Purpose: The purposes of this study were to develop and integrate a colorectal model that incorporates anatomical variations of pediatric patients into the age-scalable MD Anderson Late Effects (MDA-LE) computational phantom, and validate the model for pediatric radiation therapy (RT) dose reconstructions.
Methods: Colorectal contours were manually derived from whole-body non-contrast computed tomography (CT) scans of 114 pediatric patients (age range: 2.1-21.6 years, 74 males, 40 females). One contour was used for an anatomical template, 103 for training and 10 for testing. Training contours were used to create a colorectal principal component analysis (PCA)-based statistical shape model (SSM) to extract the population's dominant deformations. The SSM was integrated into the MDA-LE phantom. Geometric accuracy was assessed between patient-specific and SSM contours using several overlap metrics. Two alternative colorectal shapes were generated using the first 17 dominant modes of the PCA-based SSM. Dosimetric accuracy was assessed by comparing colorectal doses from test patients' CT-based RT plans (ground truth) with reconstructed doses for the mean and two alternative models in age-matched MDA-LE phantoms.

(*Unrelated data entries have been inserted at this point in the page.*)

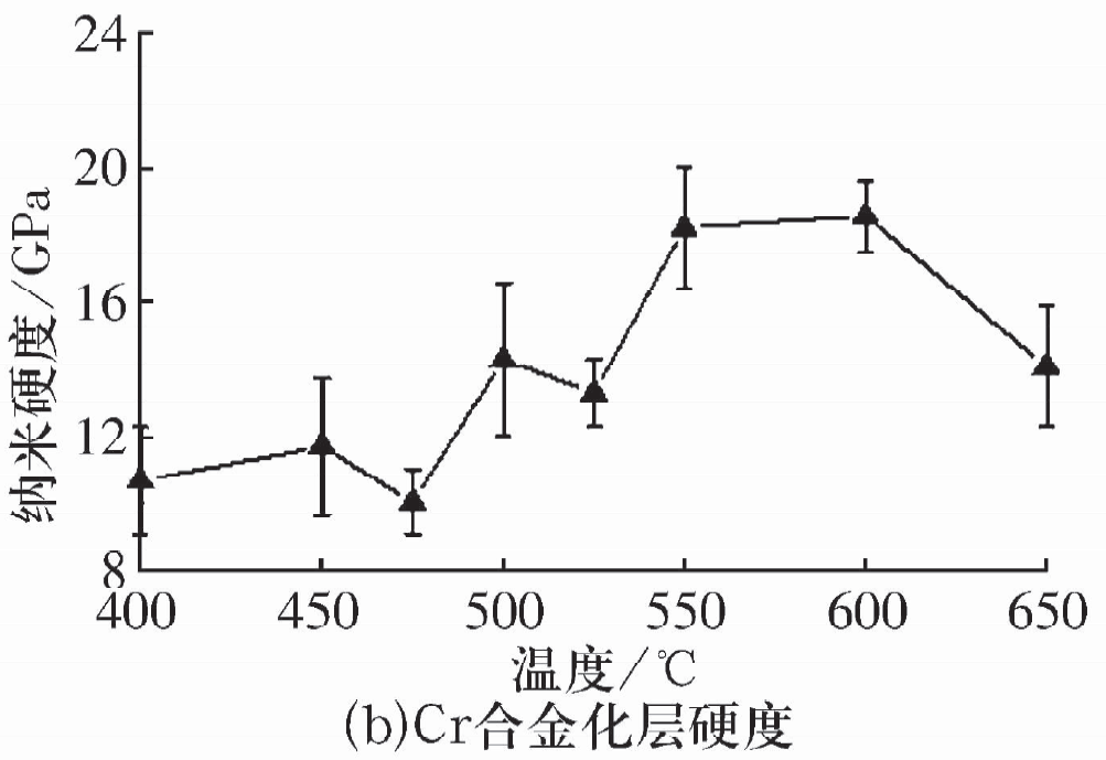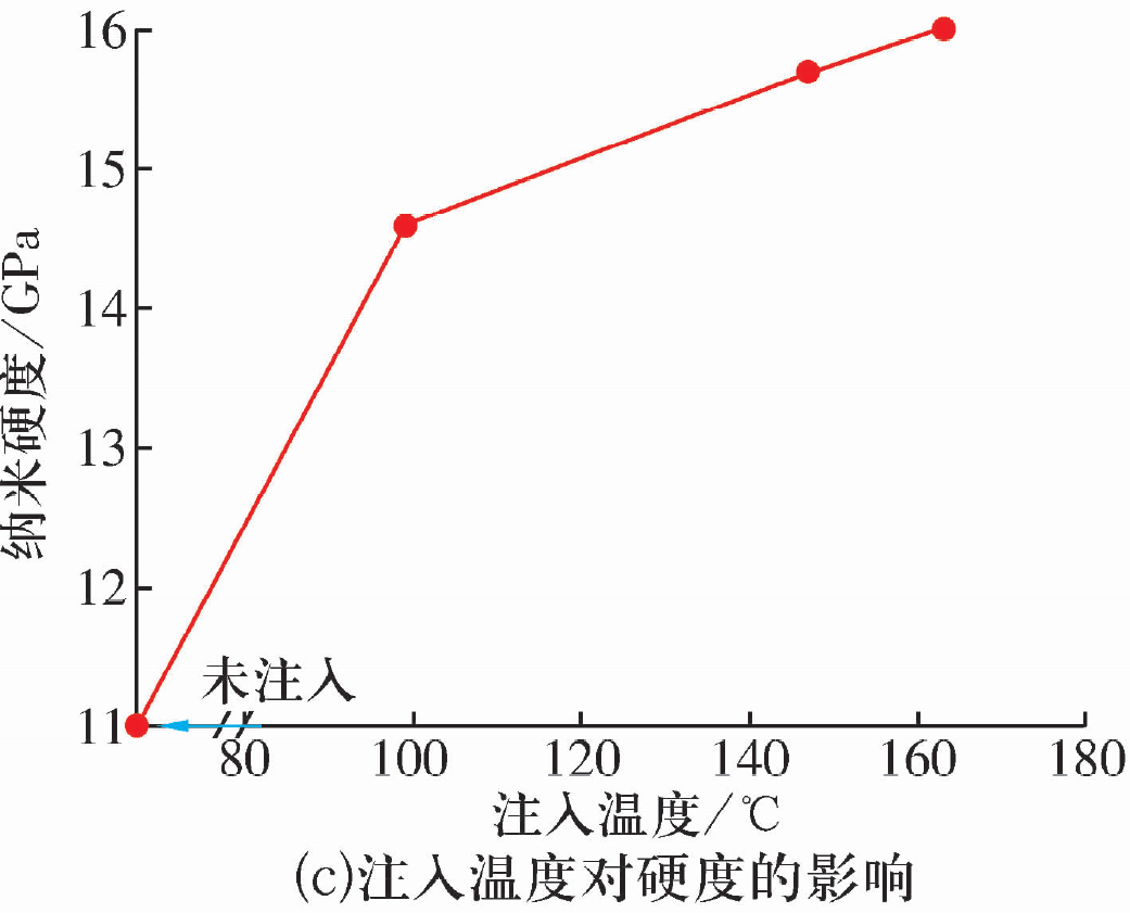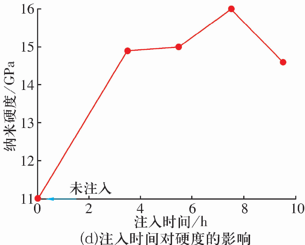 文獻(xiàn)[35]采用N元素等離子體離子注入技術(shù)對(duì)8Cr4Mo4V鋼進(jìn)行表面改性,獲得了厚度達(dá)22 μm的改性層,并深入研究離子注入?yún)?shù)對(duì)其組織、性能的影響規(guī)律及機(jī)制,結(jié)果如圖10所示,注入層的納米硬度相較于8Cr4Mo4V鋼基體可提高45%,可顯著提高材料的耐磨性能;且離子注入過(guò)程可在8Cr4Mo4V鋼表面引入一定的殘余壓應(yīng)力。
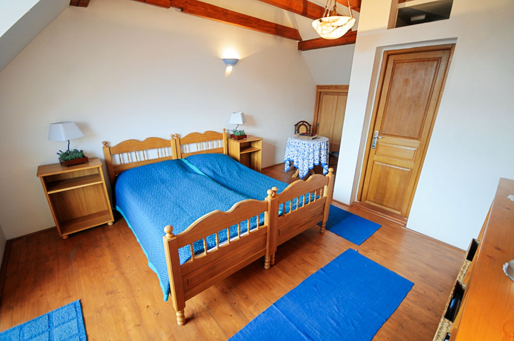 Modrý pokoj je útulný dvoulůžkový pokoj se dvěma samostatnými lůžky, které lze využít jako oddělená nebo blízko sebe jako „twin“ pro páry. Díky modrému ladění, dostatku denního světla a jednoduchému, ale vkusnému zařízení patří k nejoblíbenějším pokojům hostů, kteří hledají klidné zázemí na kratší i delší pobyt.
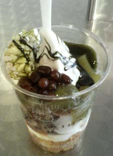 和匠庵 なめらか抹茶パフェ(抹茶ソース付)セブンイレブンも抹茶モノ結構出てますよね和匠庵シリーズです。 値段は¥290 付属のカップに入った抹茶ソースをかけて食べるのです☆ 写メでは黒蜜っぽい色になってしまいましたが、抹茶ソースです。 下にあるのは抹茶プリンかと思っていたら、違いました(´△`)↓ ゼリーかと思うくらいあっさりさっぱりで・・・ 全体的にイマイチな感じ( ̄~ ̄;)ウーン… 抹茶の濃厚さは一切ないし、味にパンチがないというか、物足りなかったですね。 あ、でも白玉は美味しかったw ランキングに参加しています。↑もしよろしければバナークリックお願いします(*^▽^*)
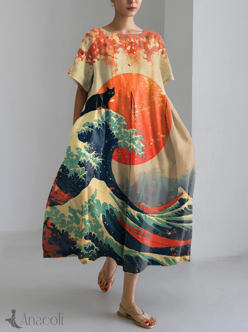 Vintage Japanese Cat Art Print Linen Blend Maxi Dress
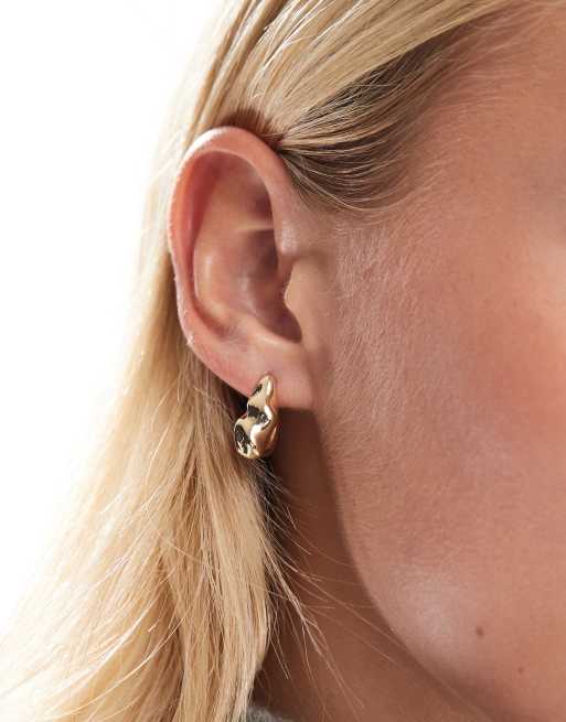Pieces irregular molten hoop earrings in gold tone
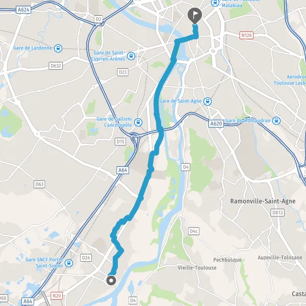 Prendre à gauche la piste cyclable Allée des Moulins de la Garonne et continuer sur 2,1 kilomètres

Results: When using all 103 PCA modes, the mean (min-max) Dice similarity coefficient, distance-to-agreement and Hausdorff distance between the patient-specific and reconstructed contours for the test patients were 0.89 (0.85-0.91), 2.1 mm (1.7-3.0), and 8.6 mm (5.7-14.3), respectively. The average percent difference between reconstructed and ground truth mean and maximum colorectal doses for the mean (alternative 1, 2) model were 6.3% (8.1%, 6.1%) and 4.4% (4.3%, 4.7%), respectively.
Conclusions: We developed, validated and integrated a colorectal PCA-based SSM into the MDA-LE phantom and demonstrated its dosimetric performance for accurate pediatric RT dose reconstruction.
Keywords: Childhood cancer; Computational phantom; Dose reconstruction; Late effects; Radiation therapy; Radiation-related late effects.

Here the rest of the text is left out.